AIM OF THE TASK - In the records below, the lines between the one holding "Dieser Effekt ist" and the one holding "Die Rensing Outdoor-Stretchhose", inclusive, are to be transcribed exactly; no pictures are to be included.

▬▬▬▬▬▬

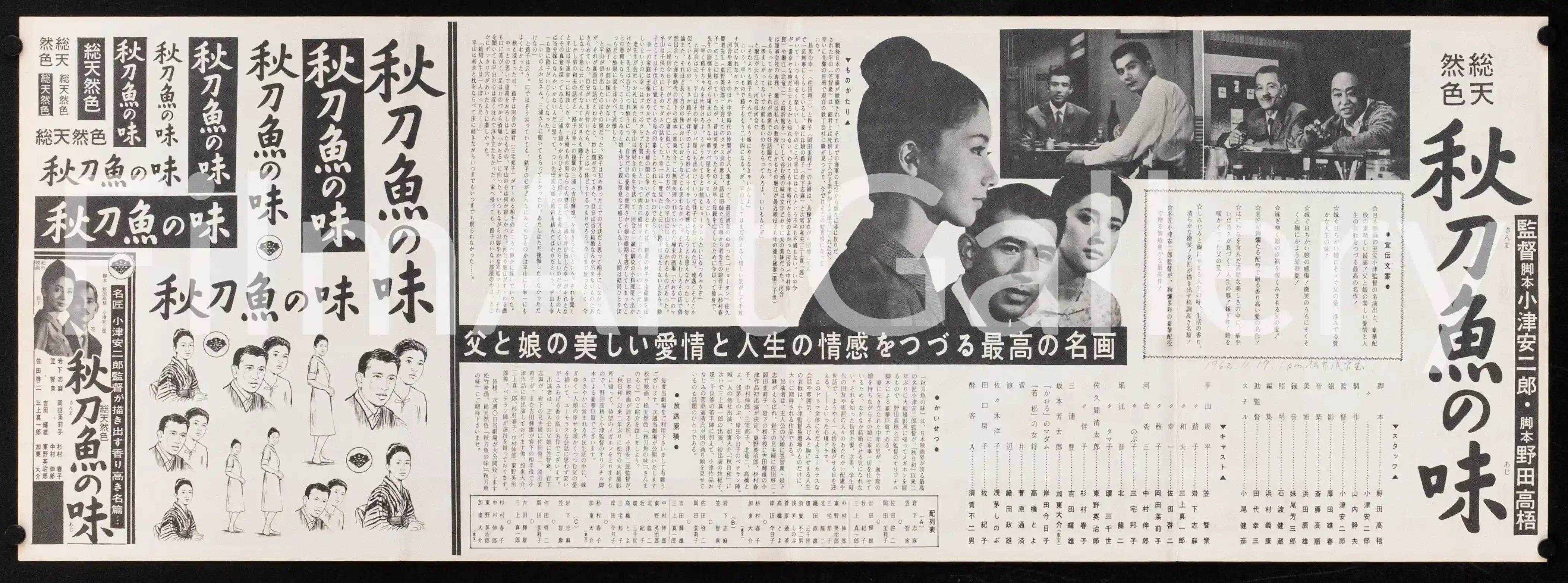 Double-sided Japanese press sheet poster for Yasujiro Ozu's final film (actual size is 10.25" x 28.75" inches)
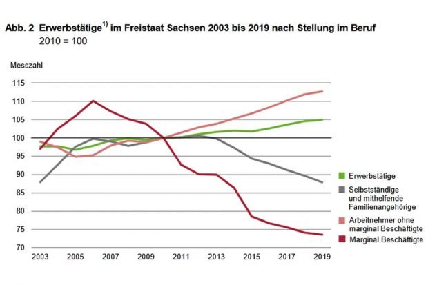 Dieser Effekt ist auch in der Tabelle für 2019 zu sehen: In allen Wirtschaftsbereichen stieg in Sachsen die Zahl der Beschäftigten, nur in zwei Bereichen nicht: einmal der krisengebeutelten Landwirtschaft und zum anderen war es die Kategorie „Grundstücks- und Wohnungswesen, Finanz- und Unternehmensdienstleister“. Und in den „Unternehmensdienstleistern“ stecken die Leiharbeitsfirmen, die ihren Personalstamm nun seit Jahren immer weiter abbauen müssen.
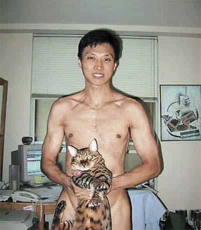 05年倪震將抱著兩人愛貓“周慧豹”遮住重要部位的相片放上網(wǎng)分享。
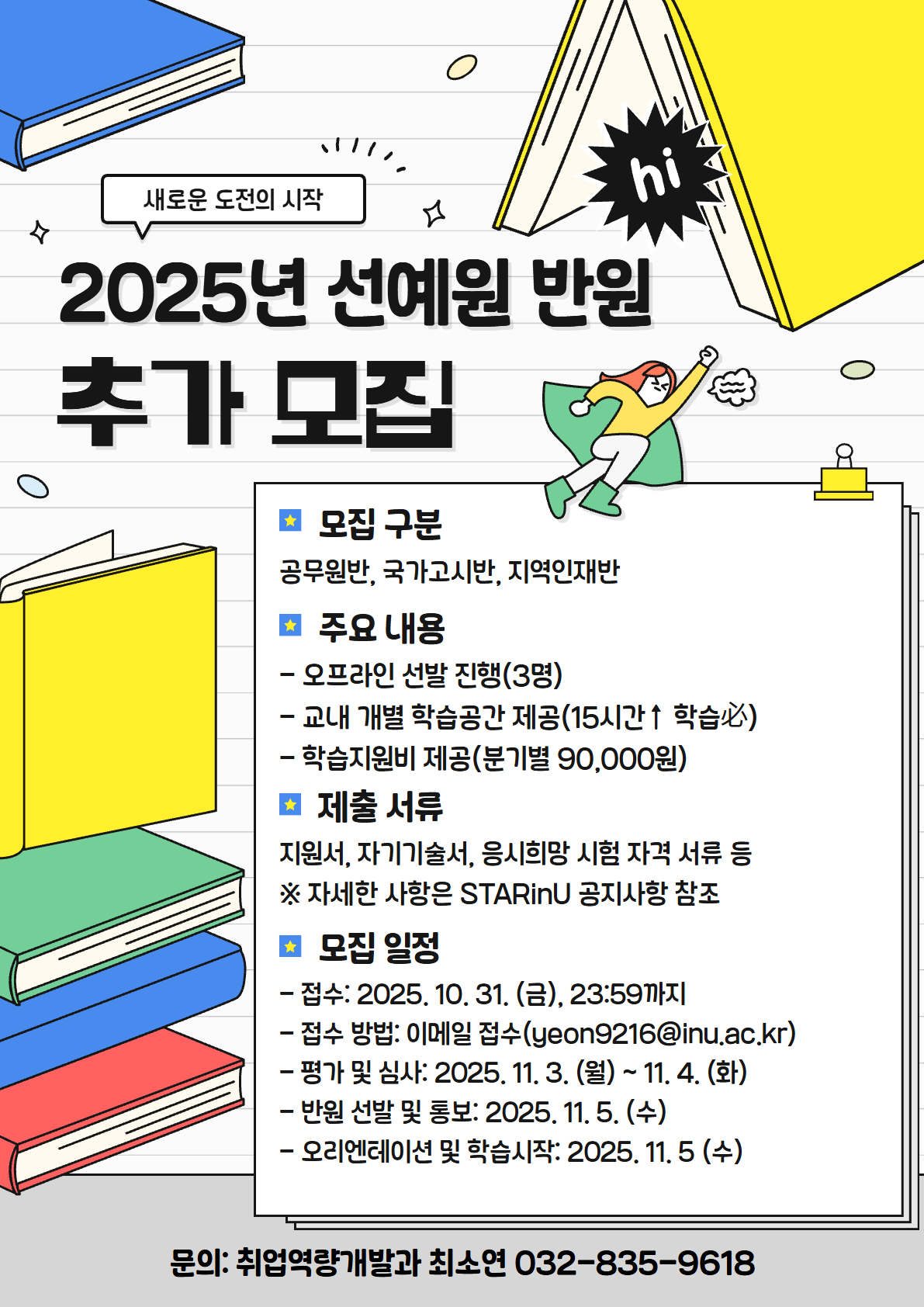 fnctId=bbs,fnctNo=1700 [취업정보] 2025년 선예원 반원 3차 추가 모집 안내 글번호 414397 작성일 2025-10-28 수정일 2025-10-28 작성자 행정학과 (032-835-8330) 조회수 18 첨부파일 첨부파일이(가) 없습니다. 다음글 이전글 [취업정보] 진로탐색 집단상담 신청안내 김보경 2025-10-24 15:13:58.0 목록
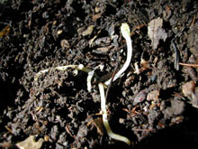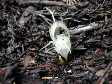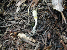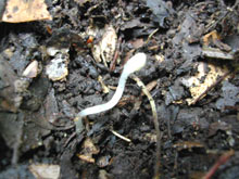 | 1) | 生えてすぐのものは,ちょっともやしに似ている。 落ち葉の下で光にも当たらず生活しているので,しかたないことだろう。 |
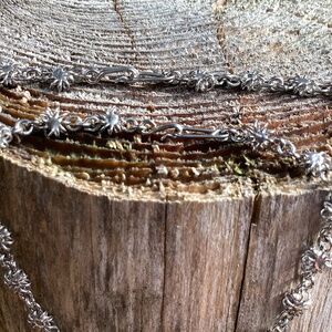 This is a really beautiful and delicate silver intricate link designed necklace and bracelet set. I tried to take as many photos as possible to capture the unique and delicate design. It’s really quite beautiful. Good link design hasp closure. Metal purity unknown as there are no marks visible I could find. Good strong craftsmanship with a great unique look. The necklace is measuring from end to end just shy of 16 inches and the bracelet is measuring at 7.25 inches.
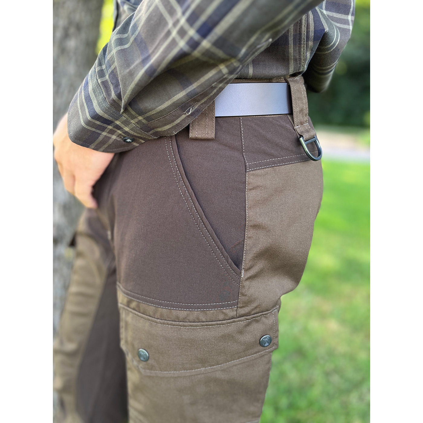 Die Rensing Outdoor-Stretchhose Alder in oliv/braun ist die perfekte Outdoor-Hose für Ihre nächste Jagd. Diese Hose kombiniert Funktionalität und Komfort und ist ideal für anspruchsvolle Outdoor-Aktivitäten. Sie bietet ausreichend Stauraum, 2 Seitentaschen, 2 Beintaschen mit Druckknopf-Verschluss, 1 Gesäßtasche mit Reißverschluss, sowie breite Gürtelschlaufen und Stretcheinsätze für optimale Passform und Bewegungsfreiheit. Mit ihren durchdachten Details und robusten Materialien ist sie der perfekte Allrounder für die Jagd, beim Hundesport, Freizeit und andere Outdoor-Erlebnissen.
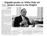 Tripathi speaks on 'White Only' art project, issues in the Heights, November 9, 2015 Photocopied pages of The Spectrum article "Tripathi speaks on 'White Only' art project, issues in the Heights" by Tom Dinki, November 9, 2015.
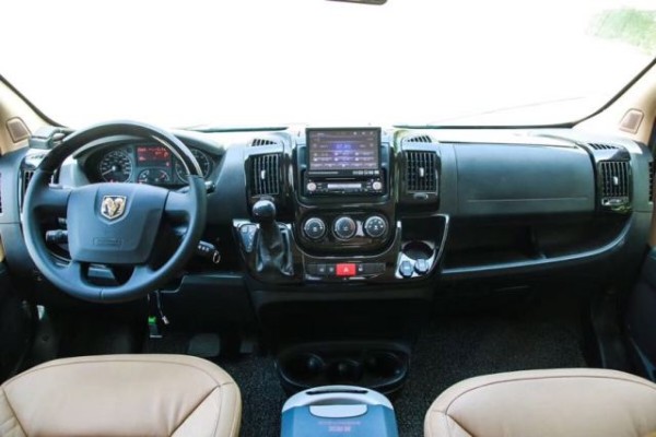 驾驶室空间比较宽敞,座椅比同级要高一些,驾驶视线比较好。道奇普马斯特采用四幅方向盘,手感极佳,方向盘中间的道奇公羊标识,显示出这辆房车具有非凡的性能。各种功能按钮就在身旁,使用起来更具安全性。
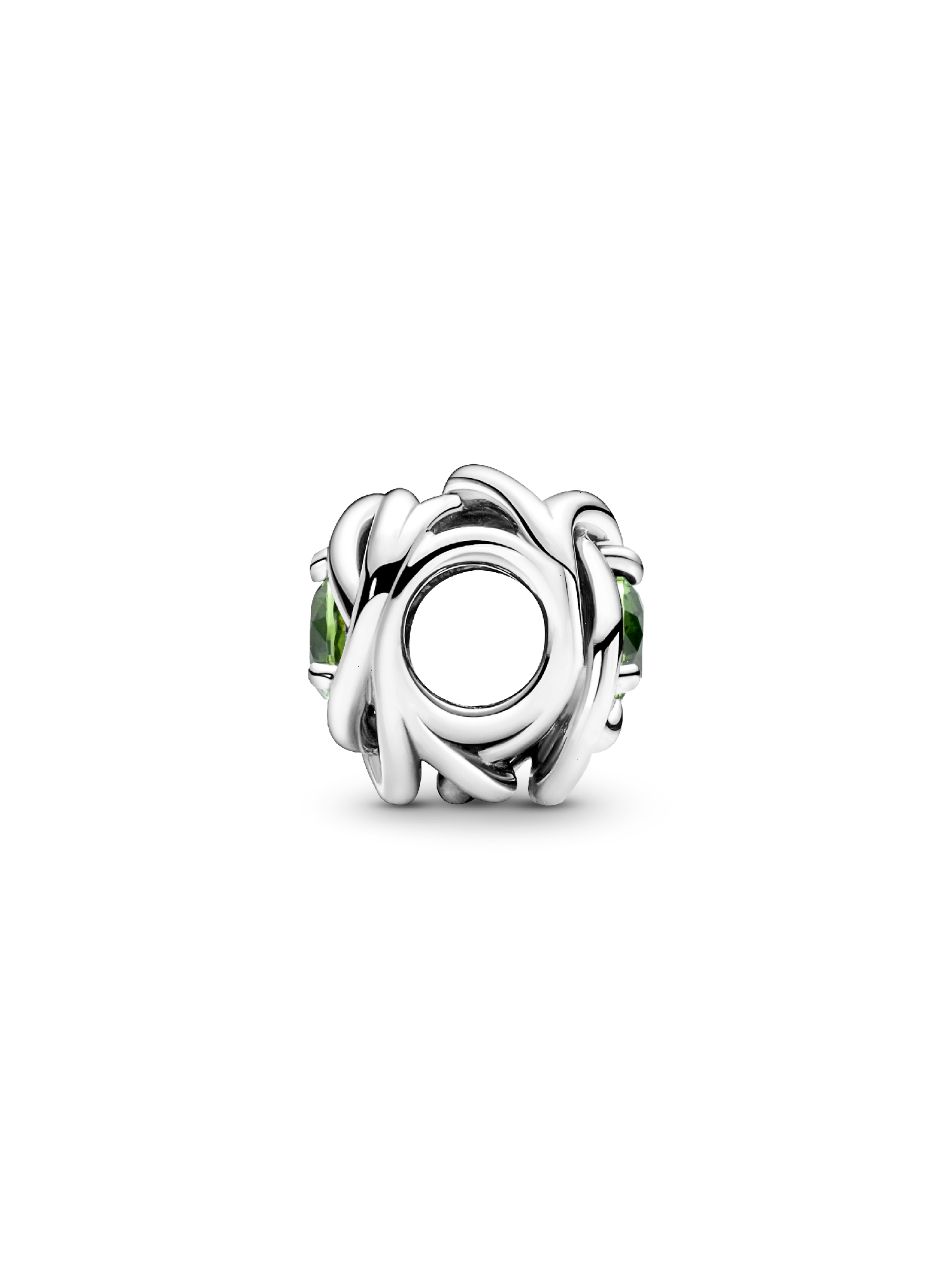 Add a pop of color to your bracelets and pendants with this Spring Green Eternity Circle Charm. This special piece is made in the shape of an infinity braid and is set with a vibrant green crystal at its center. Symbolizing eternity, add this bright charm to your styling to give your everyday jewelry a special update.

▬▬▬▬▬▬

SOLUTION -
 Dieser Effekt ist auch in der Tabelle für 2019 zu sehen: In allen Wirtschaftsbereichen stieg in Sachsen die Zahl der Beschäftigten, nur in zwei Bereichen nicht: einmal der krisengebeutelten Landwirtschaft und zum anderen war es die Kategorie „Grundstücks- und Wohnungswesen, Finanz- und Unternehmensdienstleister“. Und in den „Unternehmensdienstleistern“ stecken die Leiharbeitsfirmen, die ihren Personalstamm nun seit Jahren immer weiter abbauen müssen.
 05年倪震將抱著兩人愛貓“周慧豹”遮住重要部位的相片放上網(wǎng)分享。
 fnctId=bbs,fnctNo=1700 [취업정보] 2025년 선예원 반원 3차 추가 모집 안내 글번호 414397 작성일 2025-10-28 수정일 2025-10-28 작성자 행정학과 (032-835-8330) 조회수 18 첨부파일 첨부파일이(가) 없습니다. 다음글 이전글 [취업정보] 진로탐색 집단상담 신청안내 김보경 2025-10-24 15:13:58.0 목록
 | 1) | 生えてすぐのものは,ちょっともやしに似ている。 落ち葉の下で光にも当たらず生活しているので,しかたないことだろう。 |
 This is a really beautiful and delicate silver intricate link designed necklace and bracelet set. I tried to take as many photos as possible to capture the unique and delicate design. It’s really quite beautiful. Good link design hasp closure. Metal purity unknown as there are no marks visible I could find. Good strong craftsmanship with a great unique look. The necklace is measuring from end to end just shy of 16 inches and the bracelet is measuring at 7.25 inches.
 Die Rensing Outdoor-Stretchhose Alder in oliv/braun ist die perfekte Outdoor-Hose für Ihre nächste Jagd. Diese Hose kombiniert Funktionalität und Komfort und ist ideal für anspruchsvolle Outdoor-Aktivitäten. Sie bietet ausreichend Stauraum, 2 Seitentaschen, 2 Beintaschen mit Druckknopf-Verschluss, 1 Gesäßtasche mit Reißverschluss, sowie breite Gürtelschlaufen und Stretcheinsätze für optimale Passform und Bewegungsfreiheit. Mit ihren durchdachten Details und robusten Materialien ist sie der perfekte Allrounder für die Jagd, beim Hundesport, Freizeit und andere Outdoor-Erlebnissen.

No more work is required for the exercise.